Available data: Begin

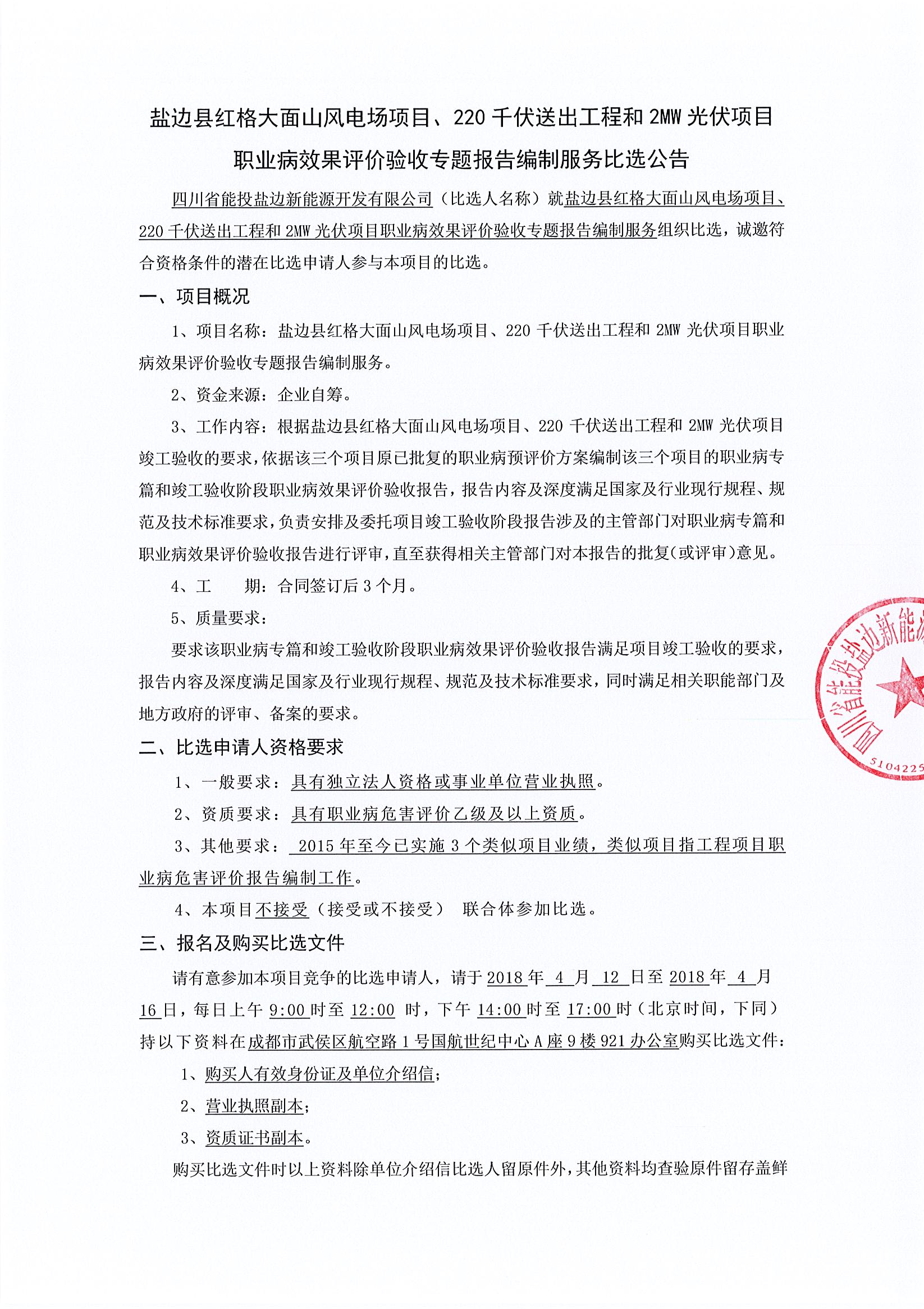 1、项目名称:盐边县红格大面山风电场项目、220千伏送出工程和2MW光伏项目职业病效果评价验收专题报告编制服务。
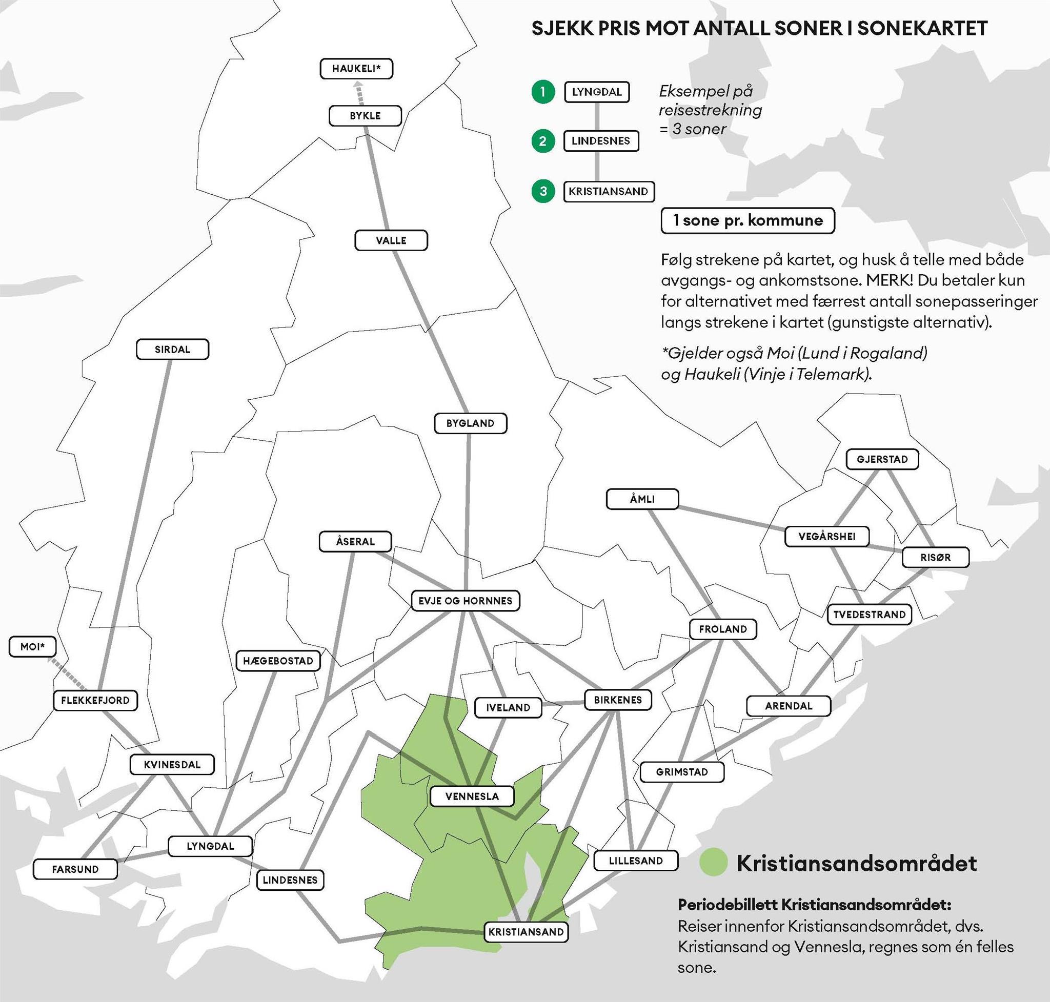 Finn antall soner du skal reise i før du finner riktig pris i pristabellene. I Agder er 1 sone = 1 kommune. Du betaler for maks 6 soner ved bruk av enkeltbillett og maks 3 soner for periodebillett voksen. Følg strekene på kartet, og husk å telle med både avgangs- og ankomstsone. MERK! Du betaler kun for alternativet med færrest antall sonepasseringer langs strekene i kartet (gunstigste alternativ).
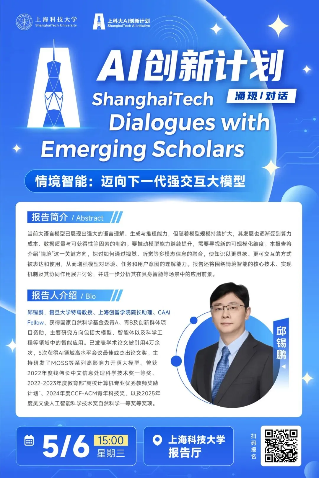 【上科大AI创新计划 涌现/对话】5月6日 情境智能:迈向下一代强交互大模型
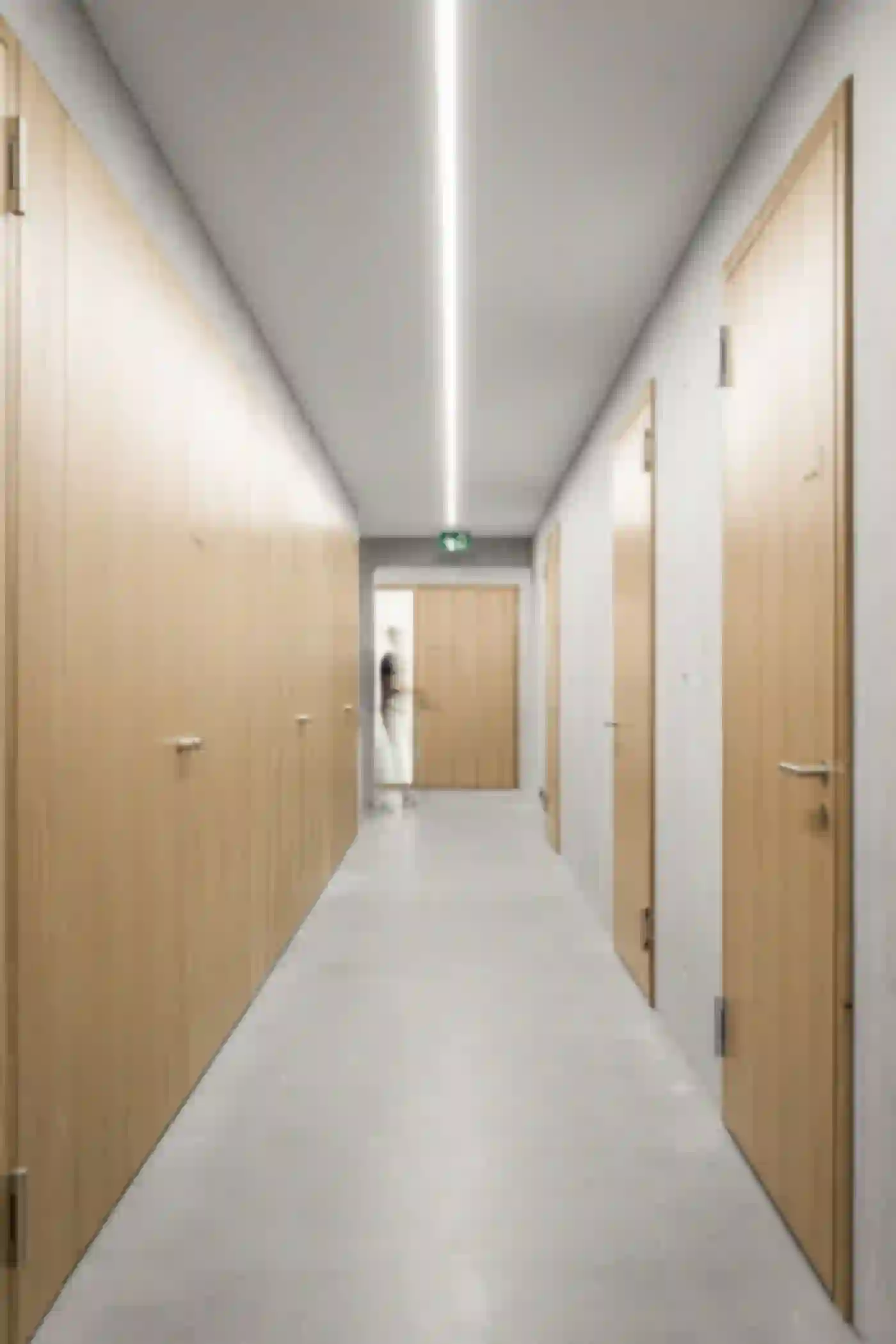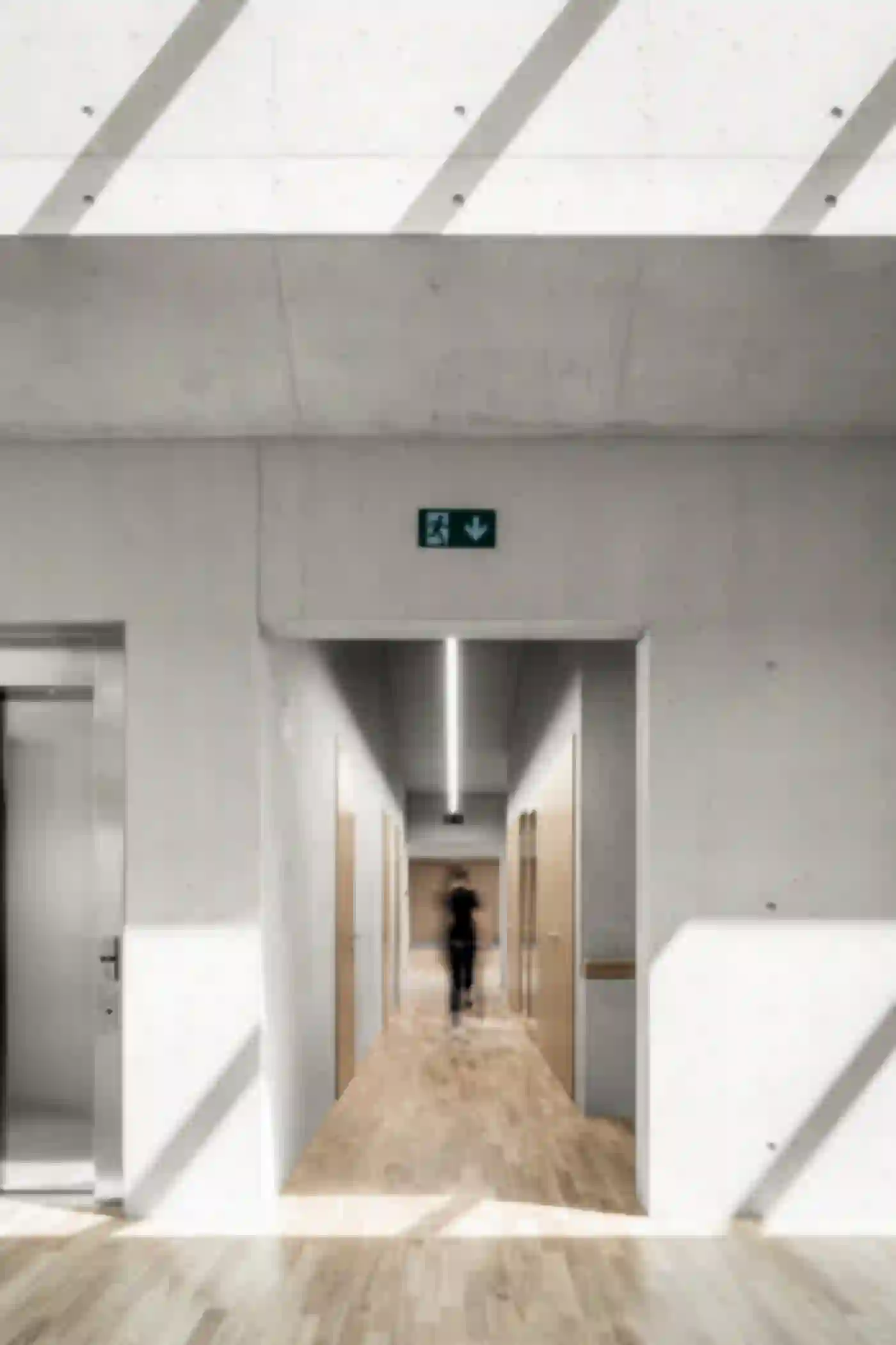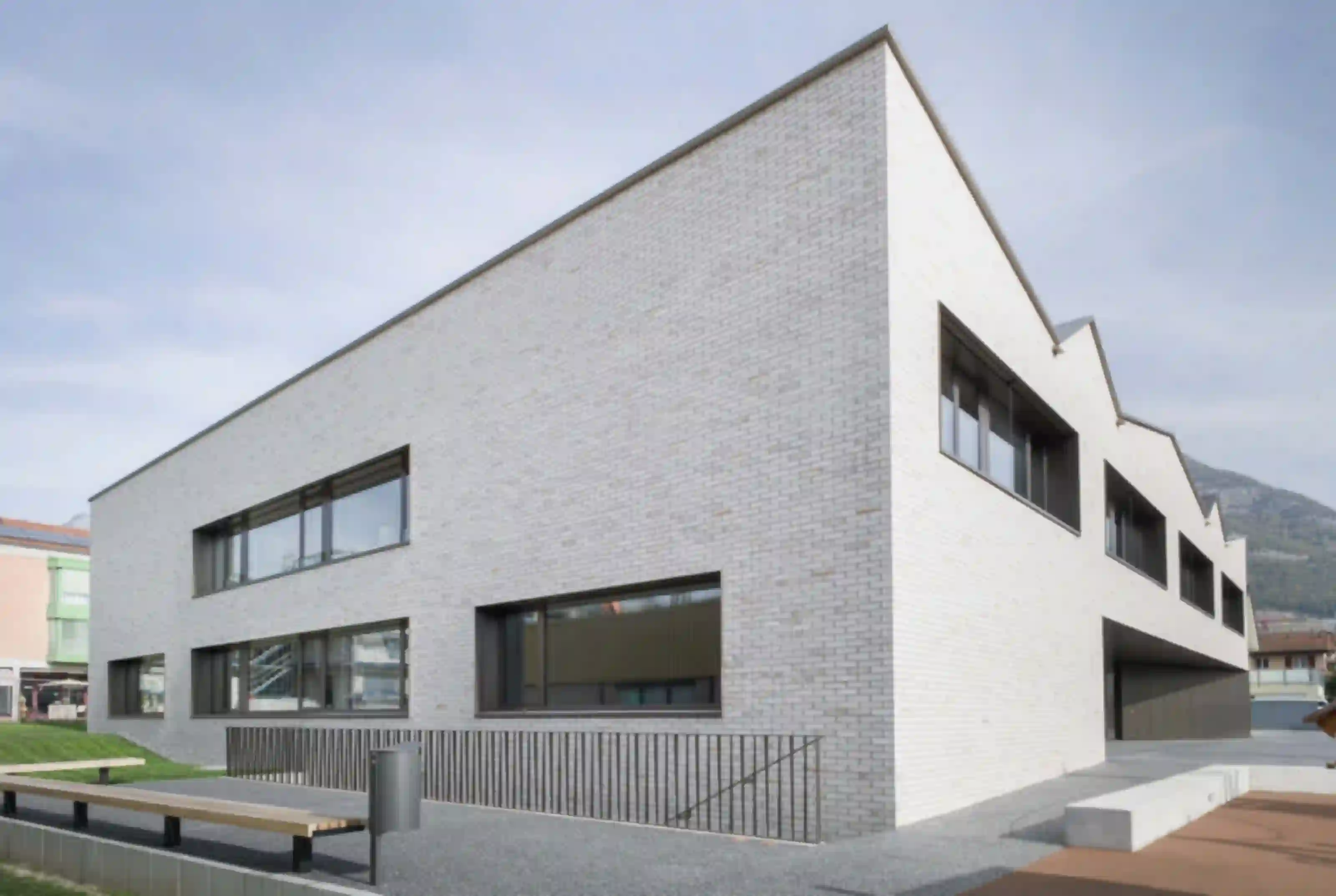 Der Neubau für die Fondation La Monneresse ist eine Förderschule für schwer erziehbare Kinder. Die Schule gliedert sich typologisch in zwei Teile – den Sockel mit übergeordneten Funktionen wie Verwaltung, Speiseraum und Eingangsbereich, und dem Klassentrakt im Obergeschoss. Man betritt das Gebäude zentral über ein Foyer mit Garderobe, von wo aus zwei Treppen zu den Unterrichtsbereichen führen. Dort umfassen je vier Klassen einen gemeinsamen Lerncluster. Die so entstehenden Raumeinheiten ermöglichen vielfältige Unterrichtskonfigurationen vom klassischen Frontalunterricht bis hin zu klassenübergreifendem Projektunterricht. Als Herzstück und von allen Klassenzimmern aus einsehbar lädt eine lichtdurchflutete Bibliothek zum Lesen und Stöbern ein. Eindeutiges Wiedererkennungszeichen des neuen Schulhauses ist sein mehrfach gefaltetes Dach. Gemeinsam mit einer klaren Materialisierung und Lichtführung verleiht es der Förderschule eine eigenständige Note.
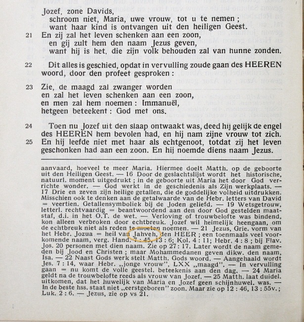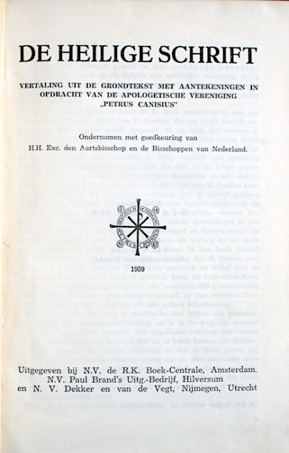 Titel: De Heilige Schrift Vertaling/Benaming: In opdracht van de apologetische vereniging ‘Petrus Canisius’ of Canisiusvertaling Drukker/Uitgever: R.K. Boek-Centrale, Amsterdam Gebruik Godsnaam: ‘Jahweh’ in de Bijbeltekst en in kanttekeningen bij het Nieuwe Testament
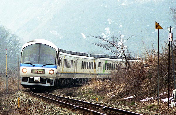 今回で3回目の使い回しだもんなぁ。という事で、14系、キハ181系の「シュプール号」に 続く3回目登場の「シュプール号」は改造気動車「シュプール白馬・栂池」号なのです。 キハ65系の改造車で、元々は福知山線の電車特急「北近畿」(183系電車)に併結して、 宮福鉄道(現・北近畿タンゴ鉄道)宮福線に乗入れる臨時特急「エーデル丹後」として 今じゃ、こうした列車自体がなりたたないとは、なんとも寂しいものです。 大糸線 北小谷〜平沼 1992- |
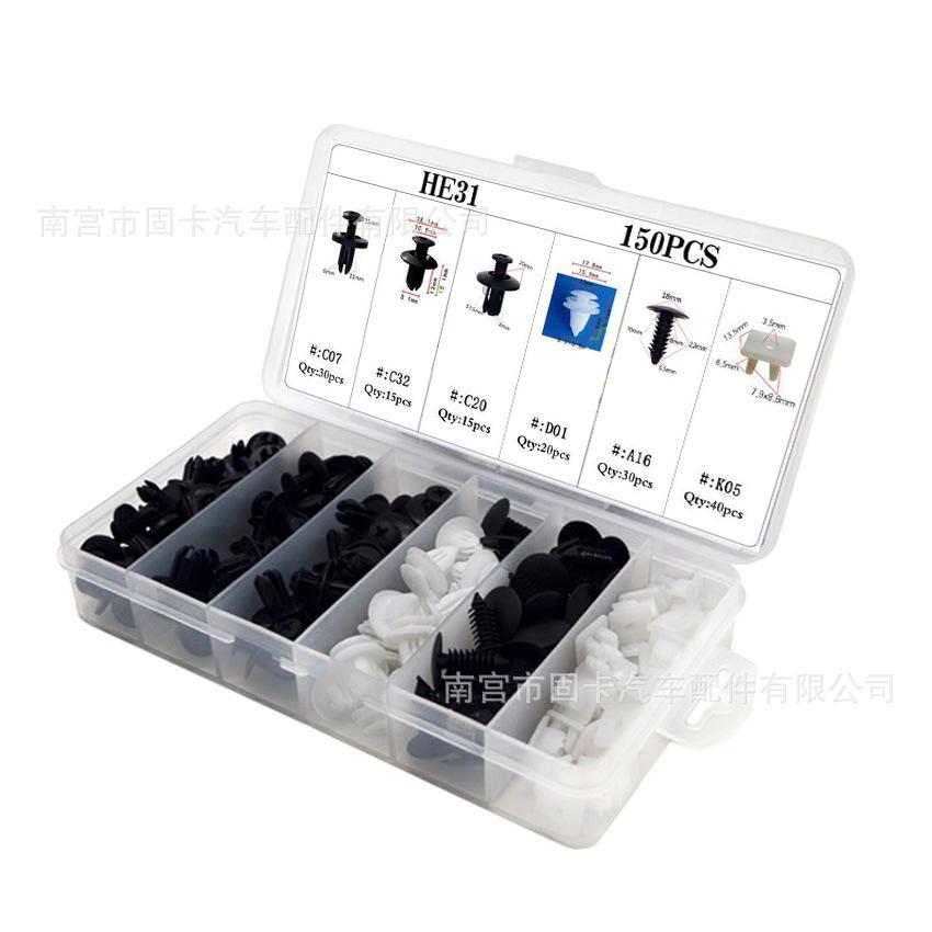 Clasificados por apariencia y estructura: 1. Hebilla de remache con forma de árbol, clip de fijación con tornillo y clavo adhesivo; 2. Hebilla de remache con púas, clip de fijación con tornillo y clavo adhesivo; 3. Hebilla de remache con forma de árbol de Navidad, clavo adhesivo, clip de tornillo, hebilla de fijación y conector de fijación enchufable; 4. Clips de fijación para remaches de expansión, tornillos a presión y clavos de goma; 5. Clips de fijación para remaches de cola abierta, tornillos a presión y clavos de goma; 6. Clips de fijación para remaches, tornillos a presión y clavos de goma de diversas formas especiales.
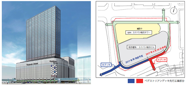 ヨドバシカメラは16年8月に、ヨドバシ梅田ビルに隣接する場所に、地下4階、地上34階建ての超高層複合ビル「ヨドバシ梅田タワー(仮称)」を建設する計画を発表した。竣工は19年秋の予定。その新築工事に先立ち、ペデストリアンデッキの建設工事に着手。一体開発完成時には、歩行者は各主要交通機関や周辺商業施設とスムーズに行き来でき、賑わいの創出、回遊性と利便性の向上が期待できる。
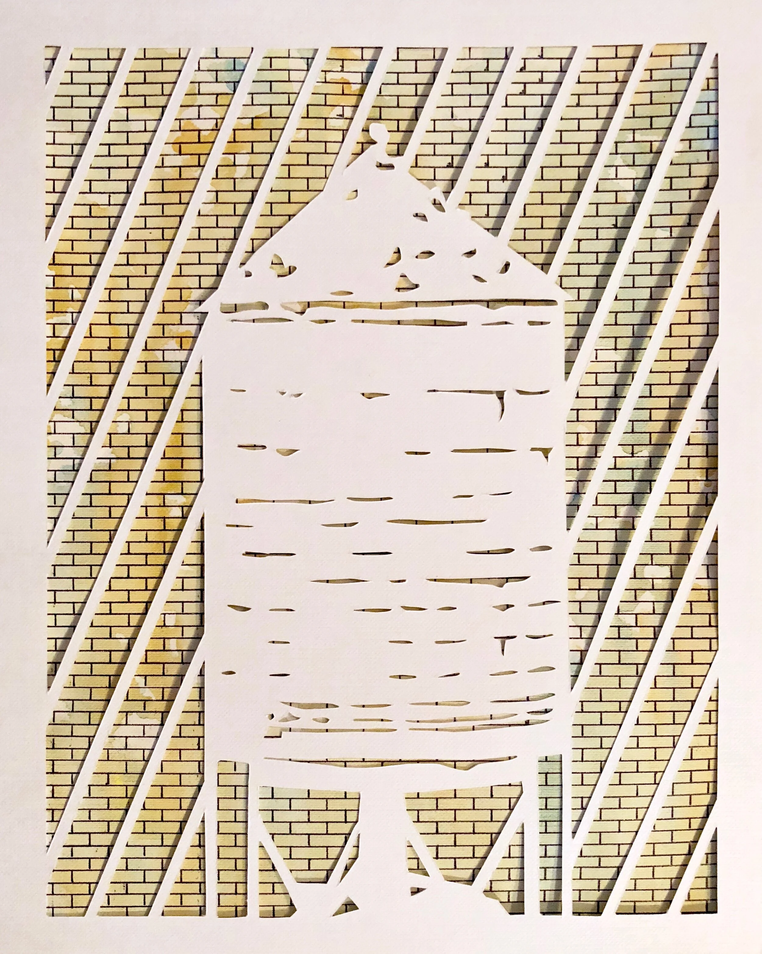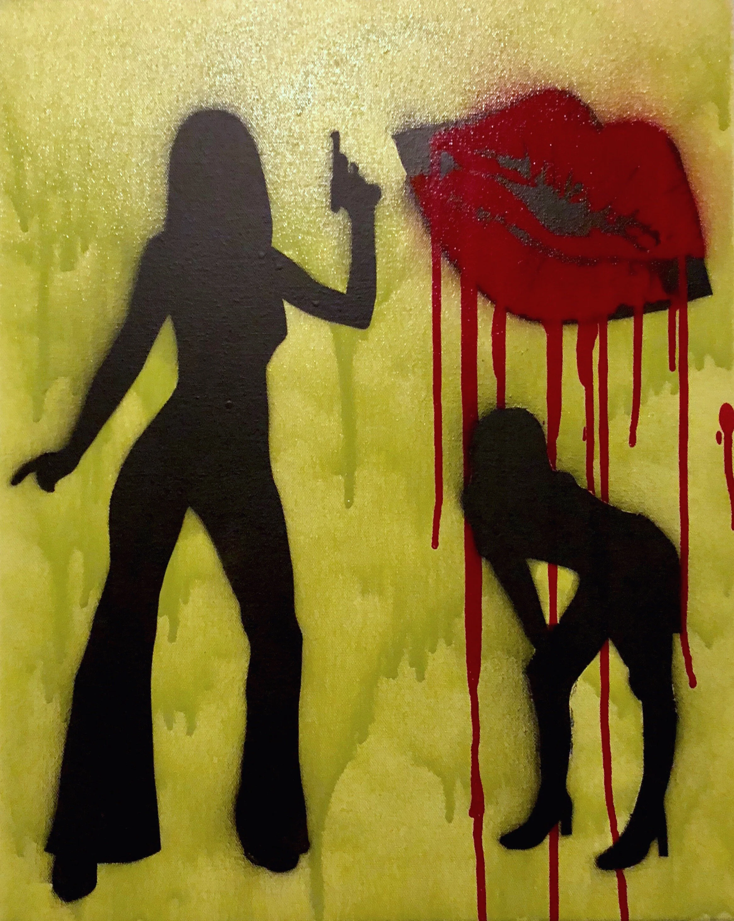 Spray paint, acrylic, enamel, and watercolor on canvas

Available data: End

* **Problem**
Quote exactly the lines from the line that contains "Titel: De Heilige" through the last line of the listing, please, leaving out all pictures.

* **Written response**
 Titel: De Heilige Schrift Vertaling/Benaming: In opdracht van de apologetische vereniging ‘Petrus Canisius’ of Canisiusvertaling Drukker/Uitgever: R.K. Boek-Centrale, Amsterdam Gebruik Godsnaam: ‘Jahweh’ in de Bijbeltekst en in kanttekeningen bij het Nieuwe Testament
 今回で3回目の使い回しだもんなぁ。という事で、14系、キハ181系の「シュプール号」に 続く3回目登場の「シュプール号」は改造気動車「シュプール白馬・栂池」号なのです。 キハ65系の改造車で、元々は福知山線の電車特急「北近畿」(183系電車)に併結して、 宮福鉄道(現・北近畿タンゴ鉄道)宮福線に乗入れる臨時特急「エーデル丹後」として 今じゃ、こうした列車自体がなりたたないとは、なんとも寂しいものです。 大糸線 北小谷〜平沼 1992- |
 Clasificados por apariencia y estructura: 1. Hebilla de remache con forma de árbol, clip de fijación con tornillo y clavo adhesivo; 2. Hebilla de remache con púas, clip de fijación con tornillo y clavo adhesivo; 3. Hebilla de remache con forma de árbol de Navidad, clavo adhesivo, clip de tornillo, hebilla de fijación y conector de fijación enchufable; 4. Clips de fijación para remaches de expansión, tornillos a presión y clavos de goma; 5. Clips de fijación para remaches de cola abierta, tornillos a presión y clavos de goma; 6. Clips de fijación para remaches, tornillos a presión y clavos de goma de diversas formas especiales.
 ヨドバシカメラは16年8月に、ヨドバシ梅田ビルに隣接する場所に、地下4階、地上34階建ての超高層複合ビル「ヨドバシ梅田タワー(仮称)」を建設する計画を発表した。竣工は19年秋の予定。その新築工事に先立ち、ペデストリアンデッキの建設工事に着手。一体開発完成時には、歩行者は各主要交通機関や周辺商業施設とスムーズに行き来でき、賑わいの創出、回遊性と利便性の向上が期待できる。
 Spray paint, acrylic, enamel, and watercolor on canvas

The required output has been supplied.